__Your task__
Copy the records word for word. Pictures do not go in.

__Records for processing__
──────────
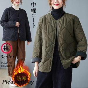 キルティングコート 中綿コート ノーカラー アウター 羽織り 長袖 ショート丈 防寒 ゆったり 秋冬 ポケット有り ボタン留め おしゃれ 大きいサイズ
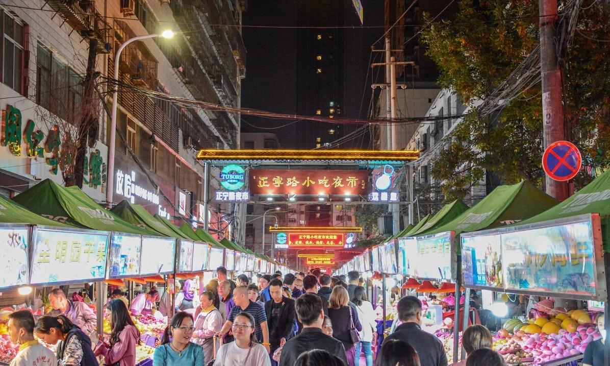 夜晚的正宁路夜市则是另一番热闹景象,各种特色小吃和地道风味都在这里被展现得淋漓尽致。
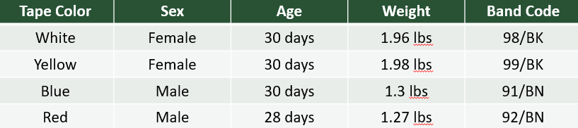 على غرار السنوات الثلاث الماضية، تتألف الحضنة 2024 من نسبة جنس مثالية 50/50 مع ذكرين وأنثيين. يتم تحديد جنس الصقر عند وضع النطاقات، حيث أن الإناث لديها أرجل أكبر وبالتالي تحصل على نطاقات أكبر مقارنة بالذكور. حصل كل كتكوت على شريط فيدرالي على الساق اليمنى مع شريط ملون مؤقت ملصق على هذا الشريط لمساعدة علماء الأحياء على تتبع الكتاكيت بعد أن تفرخ. يجب أن يسقط هذا الشريط اللاصق بشكل طبيعي في غضون أسابيع قليلة. بالإضافة إلى شرائطهم الفيدرالية، حصل كل كتكوت على شريط أسود "قابل للقراءة في الميدان" فوق شريط أخضر. وأخيراً، تم وزن كل كتكوت وقياس وتر الجناح (قياس تشريحي لجناح الطائر).
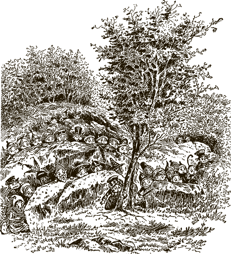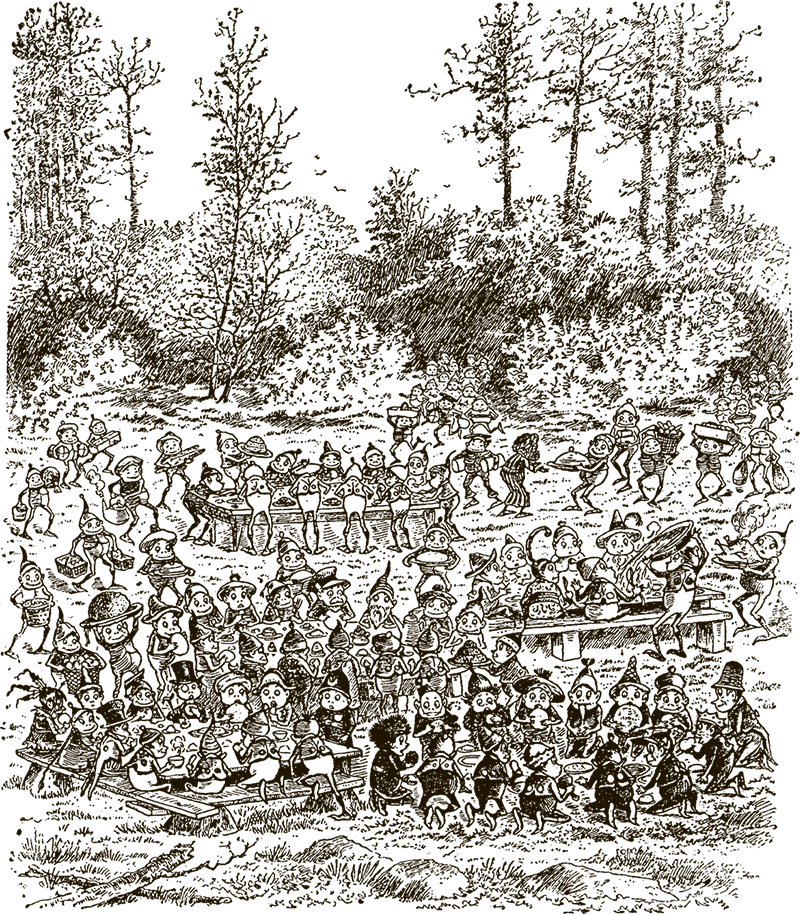 Первыми притомились Треуголка и ещё несколько малюток и вздумали отдохнуть на широченных креслах, куда свободно умещалось несколько лесных человечков. Эльфы же смеха ради принялись туда втискиваться человек по десять, принимая важный вид, и сидели, вытянув ножки, горделиво поглядывая на окружающих, как будто они царственные особы. Потом снова вскакивали и прыгали, покатываясь со смеху.
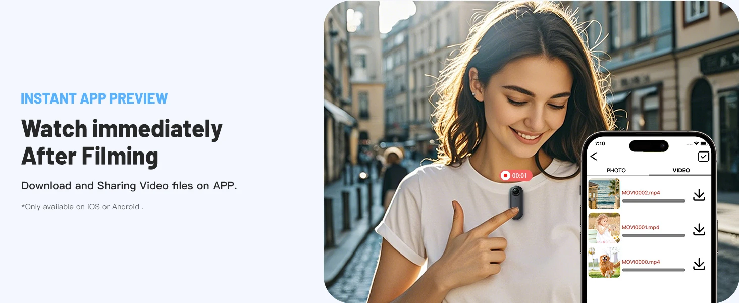 Hands Free: You can attach the camera with the magnet pendant, then hanging around the neck with safety cord to get dual protection. The portable back clip has 360°adjustable rotation, you can easily change the angle. Free your hands and complete the video
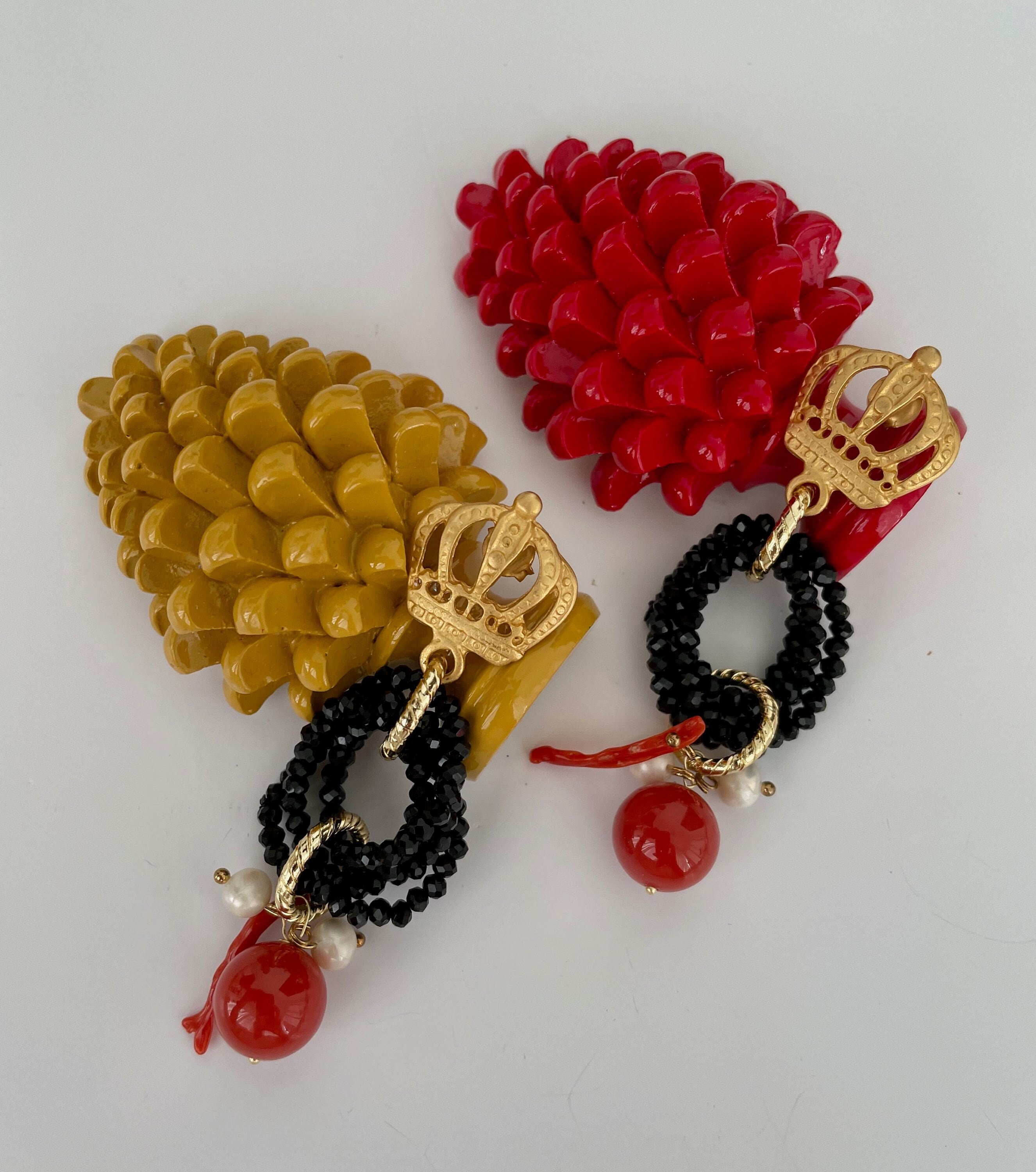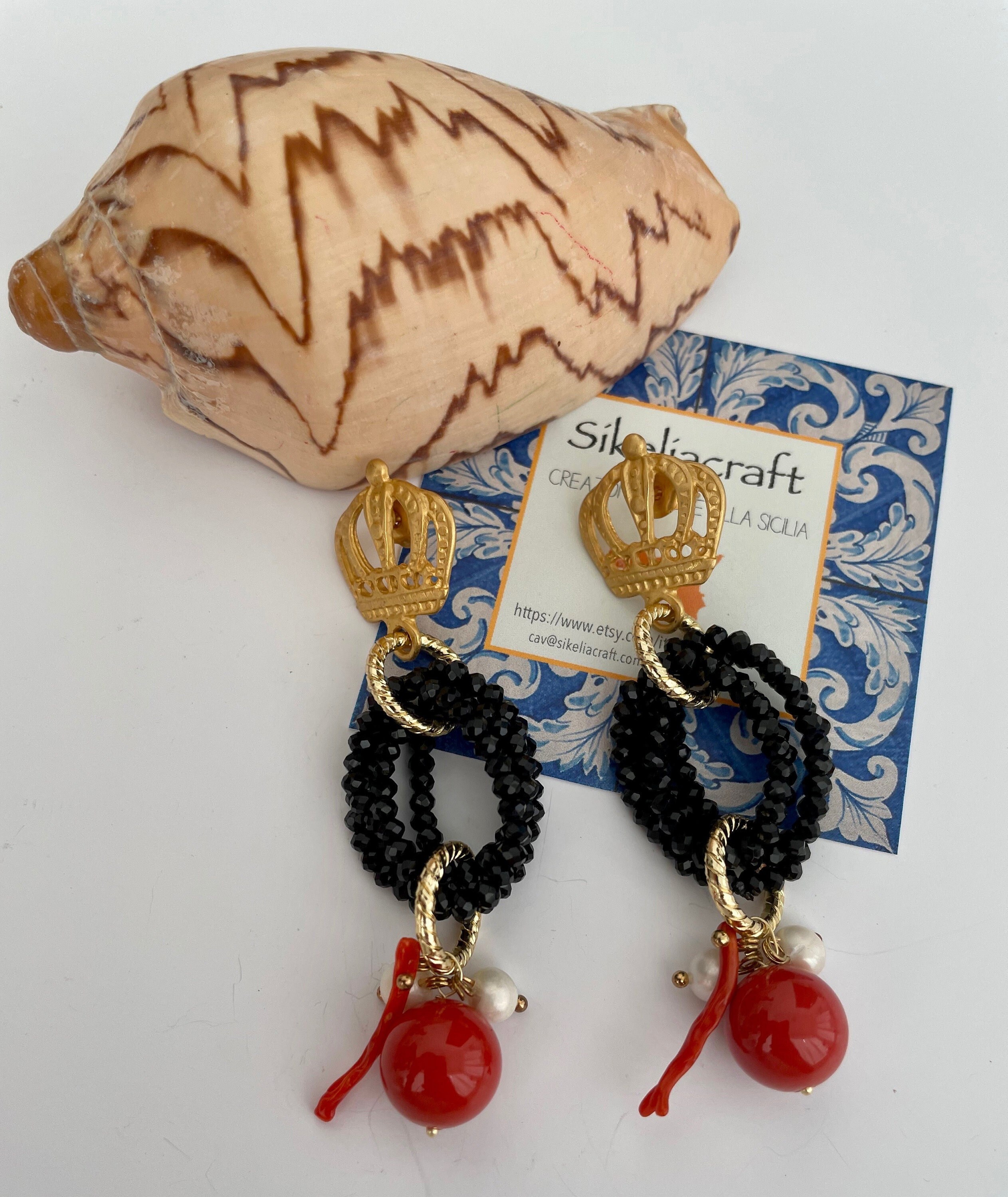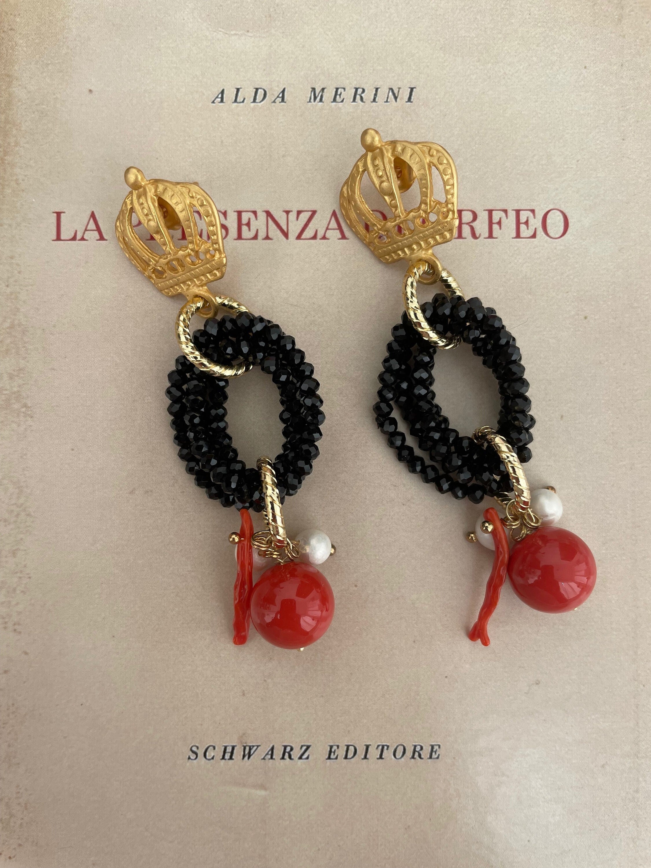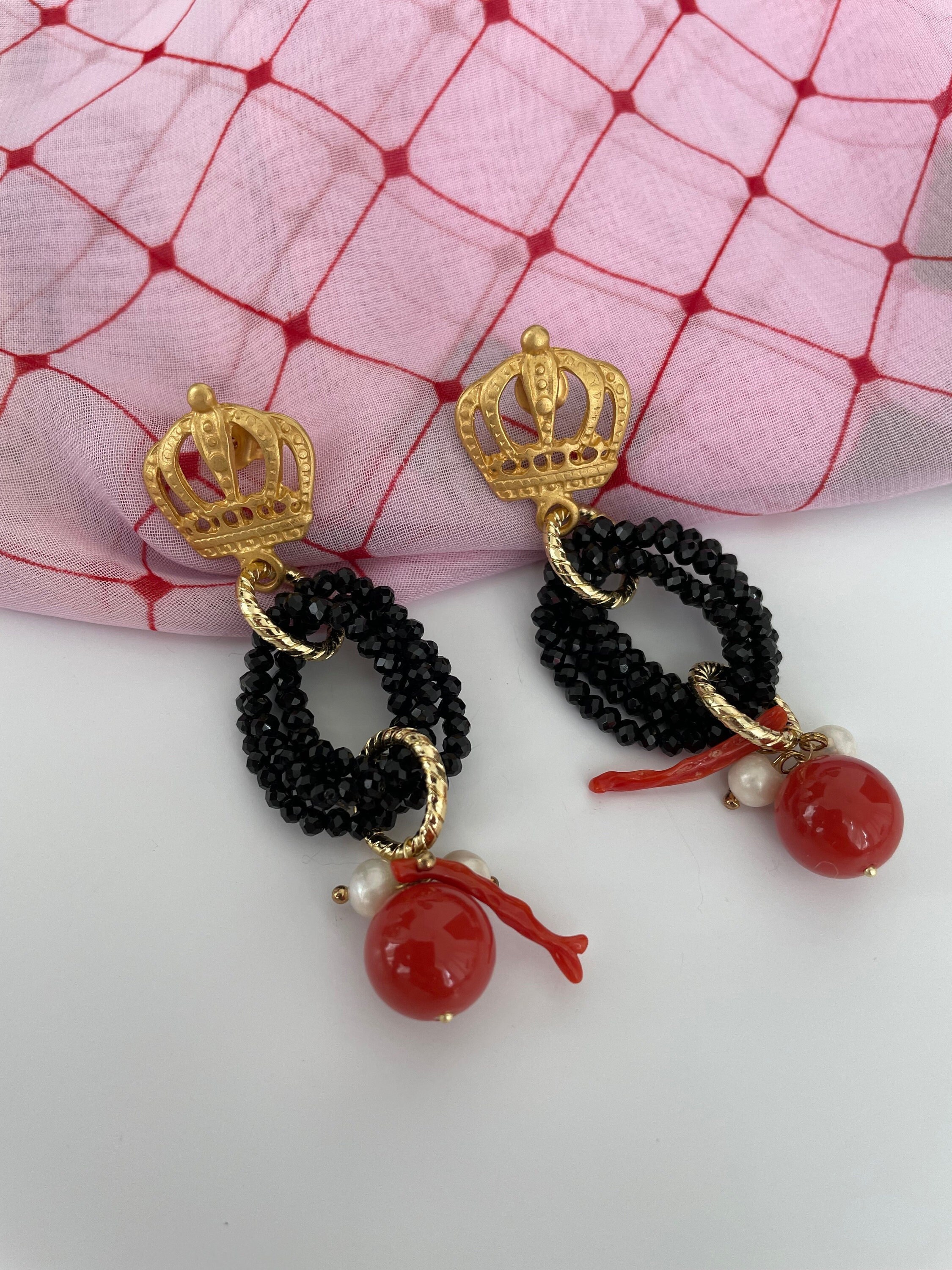 Realizzati con perno in zama a forma di corona, anellini in cristallo nero e perle di Maiorca rosse.
──────────
__Answer to this task__
 キルティングコート 中綿コート ノーカラー アウター 羽織り 長袖 ショート丈 防寒 ゆったり 秋冬 ポケット有り ボタン留め おしゃれ 大きいサイズ
 夜晚的正宁路夜市则是另一番热闹景象,各种特色小吃和地道风味都在这里被展现得淋漓尽致。
 على غرار السنوات الثلاث الماضية، تتألف الحضنة 2024 من نسبة جنس مثالية 50/50 مع ذكرين وأنثيين. يتم تحديد جنس الصقر عند وضع النطاقات، حيث أن الإناث لديها أرجل أكبر وبالتالي تحصل على نطاقات أكبر مقارنة بالذكور. حصل كل كتكوت على شريط فيدرالي على الساق اليمنى مع شريط ملون مؤقت ملصق على هذا الشريط لمساعدة علماء الأحياء على تتبع الكتاكيت بعد أن تفرخ. يجب أن يسقط هذا الشريط اللاصق بشكل طبيعي في غضون أسابيع قليلة. بالإضافة إلى شرائطهم الفيدرالية، حصل كل كتكوت على شريط أسود "قابل للقراءة في الميدان" فوق شريط أخضر. وأخيراً، تم وزن كل كتكوت وقياس وتر الجناح (قياس تشريحي لجناح الطائر).
 Первыми притомились Треуголка и ещё несколько малюток и вздумали отдохнуть на широченных креслах, куда свободно умещалось несколько лесных человечков. Эльфы же смеха ради принялись туда втискиваться человек по десять, принимая важный вид, и сидели, вытянув ножки, горделиво поглядывая на окружающих, как будто они царственные особы. Потом снова вскакивали и прыгали, покатываясь со смеху.
 Hands Free: You can attach the camera with the magnet pendant, then hanging around the neck with safety cord to get dual protection. The portable back clip has 360°adjustable rotation, you can easily change the angle. Free your hands and complete the video
 Realizzati con perno in zama a forma di corona, anellini in cristallo nero e perle di Maiorca rosse.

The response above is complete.